I have been on a weight-loss journey for what feels like my entire life. I’m heading to the age of 50 in a couple short years and I’m asking myself, “Why now? You’ve been you, the way you are right now all your life. Why are you still trying?”

Over the years, my reasons have changed. In my teens and 20s I just wanted to look and feel beautiful. My 30s, I was a new mother and wanted to keep up with my growing babies, and not be the overweight mom. In my 40s it became about my health. I want to be a healthy Gramma, and not have my kids babysit me while growing their own families.

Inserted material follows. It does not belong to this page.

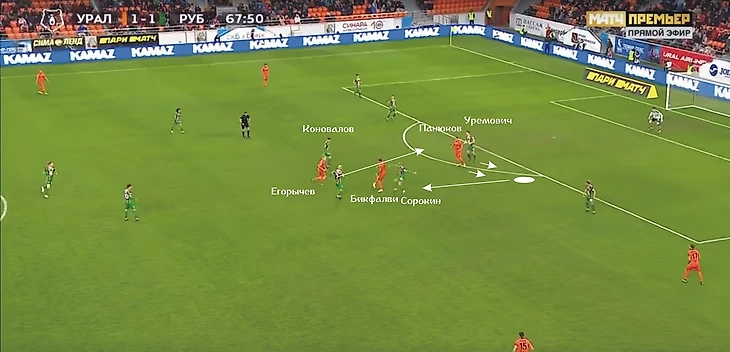Бикфалви получает мяч перед штрафной в одиночестве. Очень правильно действует Сорокин, сразу вылетевший из линии на нападающего. Из центральной зоны врывается Егорычев, его вяло преследует явно уставший Подберёзкин, и словно шаркающий дедушка, волочится Коновалов. Бикфалви отдаёт тонкую и точную передачу, Егорычев проникает в штрафную между защитниками, одного из которых грамотно уводит в сторону Панюков.

I’ve learned dieting – as the weight loss world knows it – is not the answer. Don’t get me wrong, in order to lose weight, I have to change the way I eat. Eat less, move more is usually the way it works, but there’s more to it than that. When I was in my 20s it was starting to be advertised as it’s a lifestyle change. It is! A lifestyle change. Not just in the diet I eat and the exercise I do, but in how I love and respect my own body.

It’s about how I love myself. That to me sounded so selfish the first few times I heard it. I soon learned, that doesn’t mean only take what I want, being on my own when I want to be, no matter who gets left out in the cold. It just means treat myself the way I treat anyone else I love, with love and respect.

I taught my kids to eat healthy when they were toddlers, now as teenagers and young adults, their eating habits are more like mine: eat what I want, when I want it. I’ve always joked, “I should eat to live, but I’d rather live to eat.” I need to change this way of thinking. Food is my fuel to keep my body working. I eat for enjoyment more than to get it running!

I am currently working on small goals to get on the right track, these are:

I’m not giving up on this journey, I will learn to love myself, with true love and respect, and I will teach my clients to do the same, not only through my own experiences but what I have learned through my certification course.